[Collection entries]
---

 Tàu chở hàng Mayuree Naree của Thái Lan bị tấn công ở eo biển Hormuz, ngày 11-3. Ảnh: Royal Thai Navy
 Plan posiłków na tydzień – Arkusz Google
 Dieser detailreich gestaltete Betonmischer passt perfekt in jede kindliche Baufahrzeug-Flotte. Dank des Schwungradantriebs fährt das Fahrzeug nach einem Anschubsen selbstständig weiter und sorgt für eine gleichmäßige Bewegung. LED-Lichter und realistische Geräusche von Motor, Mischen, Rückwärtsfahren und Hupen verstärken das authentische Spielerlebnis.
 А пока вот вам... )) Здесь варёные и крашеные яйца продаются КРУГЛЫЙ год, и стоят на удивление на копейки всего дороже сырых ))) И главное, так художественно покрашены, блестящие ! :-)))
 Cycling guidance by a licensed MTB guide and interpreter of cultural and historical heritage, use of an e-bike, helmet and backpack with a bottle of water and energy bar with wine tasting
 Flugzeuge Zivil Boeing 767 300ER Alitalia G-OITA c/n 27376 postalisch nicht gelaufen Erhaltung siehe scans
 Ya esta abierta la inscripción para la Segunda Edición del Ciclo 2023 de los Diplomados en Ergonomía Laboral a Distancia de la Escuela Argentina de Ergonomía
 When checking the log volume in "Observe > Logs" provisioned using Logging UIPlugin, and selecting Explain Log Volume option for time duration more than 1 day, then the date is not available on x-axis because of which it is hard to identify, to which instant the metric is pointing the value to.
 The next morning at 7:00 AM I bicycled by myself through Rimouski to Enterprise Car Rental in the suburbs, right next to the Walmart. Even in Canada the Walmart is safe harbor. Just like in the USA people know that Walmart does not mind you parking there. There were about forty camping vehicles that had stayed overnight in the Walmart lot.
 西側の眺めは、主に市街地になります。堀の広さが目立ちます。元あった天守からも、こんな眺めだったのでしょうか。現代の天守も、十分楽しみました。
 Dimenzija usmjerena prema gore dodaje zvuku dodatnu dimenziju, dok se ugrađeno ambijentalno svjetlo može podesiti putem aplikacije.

---

▶ **What you should do**: Please return all of the records exactly.

▶ **Result for this task**:
 Tàu chở hàng Mayuree Naree của Thái Lan bị tấn công ở eo biển Hormuz, ngày 11-3. Ảnh: Royal Thai Navy
 Plan posiłków na tydzień – Arkusz Google
 Dieser detailreich gestaltete Betonmischer passt perfekt in jede kindliche Baufahrzeug-Flotte. Dank des Schwungradantriebs fährt das Fahrzeug nach einem Anschubsen selbstständig weiter und sorgt für eine gleichmäßige Bewegung. LED-Lichter und realistische Geräusche von Motor, Mischen, Rückwärtsfahren und Hupen verstärken das authentische Spielerlebnis.
 А пока вот вам... )) Здесь варёные и крашеные яйца продаются КРУГЛЫЙ год, и стоят на удивление на копейки всего дороже сырых ))) И главное, так художественно покрашены, блестящие ! :-)))
 Cycling guidance by a licensed MTB guide and interpreter of cultural and historical heritage, use of an e-bike, helmet and backpack with a bottle of water and energy bar with wine tasting
 Flugzeuge Zivil Boeing 767 300ER Alitalia G-OITA c/n 27376 postalisch nicht gelaufen Erhaltung siehe scans
 Ya esta abierta la inscripción para la Segunda Edición del Ciclo 2023 de los Diplomados en Ergonomía Laboral a Distancia de la Escuela Argentina de Ergonomía
 When checking the log volume in "Observe > Logs" provisioned using Logging UIPlugin, and selecting Explain Log Volume option for time duration more than 1 day, then the date is not available on x-axis because of which it is hard to identify, to which instant the metric is pointing the value to.
 The next morning at 7:00 AM I bicycled by myself through Rimouski to Enterprise Car Rental in the suburbs, right next to the Walmart. Even in Canada the Walmart is safe harbor. Just like in the USA people know that Walmart does not mind you parking there. There were about forty camping vehicles that had stayed overnight in the Walmart lot.
 西側の眺めは、主に市街地になります。堀の広さが目立ちます。元あった天守からも、こんな眺めだったのでしょうか。現代の天守も、十分楽しみました。
 Dimenzija usmjerena prema gore dodaje zvuku dodatnu dimenziju, dok se ugrađeno ambijentalno svjetlo može podesiti putem aplikacije.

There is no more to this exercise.